Я — не перчатка и не груша. Я — удар.

И — беркута прицельное круженье.

Об этом стержне, позволившем поэтессе, отдав лишь малую дань расхожему «ученичеству», рано обрести глубокое лирическое дыхание и «штучную» поэтическую интонацию, говорят теперь многие понимающие толк в поэзии люди. И не случайно свое вступительное слово к книге Карины Сейдаметовой «Вольница» поэт Николай Коновский начинает с цитаты, где первая строка «взблескивает», как остро отточенная казачья шашка: «Нрав мой — клинок стальной. А ты думал — шелк?»

Скажу об этом и я, только в несколько ином плане. Но сначала небольшое предисловие, без которого здесь не обойтись. Я думаю, что поэтический характер (и голос, которому под силу «глаголом жечь сердца людей») вырастает не сам собой, и, тем более, не из площадного гула, не из трибунного пафоса. Например, выдающийся поэт ХХ века «горлан-главарь» Владимир Маяковский пришел в поэзию, как сдается мне, вовсе не из «ста томов партийных книжек», а из… «Облака в штанах». Он, бронзово-монументальный, учивший даже, «как делать стихи», на самом деле вырос из чувства — тонкого, ранимого, беззащитного, рвущегося в груди перетянутой зябкой струной: «…сердце возьму, / слезами окапав, / нести, / как собака, / которая в конуру / несет / перееханную поездом лапу».

Не стану уверять вас, уважаемые читатели, что мое скромное суждение является новым и каким-то значительным. Оно и не к чему: зачем мне литературоведческие лавры? Но свое знакомство с творчеством всякого поэта, в том числе и по-хорошему громкого, я начинаю именно с этого: с поисков растерянной или восхищенной немоты, перехватывающего горло молчания-шепота, той самой «перееханной поездом лапы». И, как правило, поиски мои не бывают напрасными. Потому что поэзии — даже самой уверенной в себе, умеющей брать высоты и стоять насмерть — без этого не бывает.

Без удивления — самого наивного, самого детского, «распахнутоглазого», за которое тебе, читателю, по-взрослому боязно.

Без отчаяния — «бойца без правил», с поставленным ударом, но не слишком стойкого, с коротким дыханием.

Без боли, похожей на сдавленный, зажимаемый руками во рту крик — или на темную комнату с задернутыми шторами, сквозь которые, где морщинка-щелочка, пробивается тонкий свет.

И все высокие поэтические смыслы вырастают, по сути, из «ничего» — из крохотного лирического переживания. Но переживание это, к счастью, не оплатишь «бумажной мелочью»: ни блестким словом, ни ловким жестом.

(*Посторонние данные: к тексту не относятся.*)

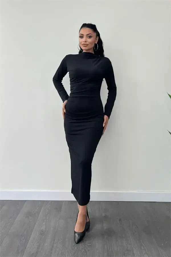 Познакомьтесь с платьем-карандаш со сборками из трикотажной ткани, которое станет незаменимым предметом вашего гардероба, сочетающим в себе элегантность и комфорт! Этот специальный дизайн в благородном черном цвете позволит вам привлекать внимание в любой обстановке. Благодаря высококачественной трикотажной ткани оно обеспечивает комфорт в течение всего дня, а облегающий крой-карандаш подчеркивает ваш женственный силуэт. Легкий и дышащий материал не требует подкладки. Самая яркая деталь платья — сборки, которые придают дизайну движение и современный вид, а также искусно скрывают недостатки, помогая добиться более изящного вида. Длина миди идеально подходит как для повседневной носки, так и для особых случаев. Создайте элегантный образ с туфлями на каблуках или непринужденный стиль с сандалиями, это платье легко адаптируется к любому стилю. Благодаря вневременной элегантности черного цвета и современным деталям дизайна, платье-карандаш со сборками из трикотажной ткани станет фаворитом стильных женщин. Обязательно примерьте это платье, чтобы почувствовать себя особенной и уверенной. Если вы ищете универсальную и стильную вещь, которую можно носить в любое время года, то это платье именно то, что вам нужно! Не упустите это платье, которое легко сочетается с другими вещами в вашем гардеробе, подчеркнет вашу элегантность и позволит вам чувствовать себя особенной в любой обстановке!

Только чувством — глубоким, подлинным, тобою пережитым…

С Кариной Сейдаметовой, уже не юной девушкой из самарской глубинки, а имеющей имя, много публикующейся московской поэтессой, я познакомился в октябре 2019 года в Воронеже на межрегиональном совещании молодых литераторов «Школа Андрея Платонова». Оба мы были руководителями поэтических семинаров, и хоть семинары нам выпали разные, это не помешало, что называется, «увидеть» друг друга, обменяться книгами. А у меня есть дурная привычка: подаренные коллегами книги я, прежде чем определить на полку, не пролистываю «наискось», а читаю. Ну, а тут еще такая трогательная предыстория…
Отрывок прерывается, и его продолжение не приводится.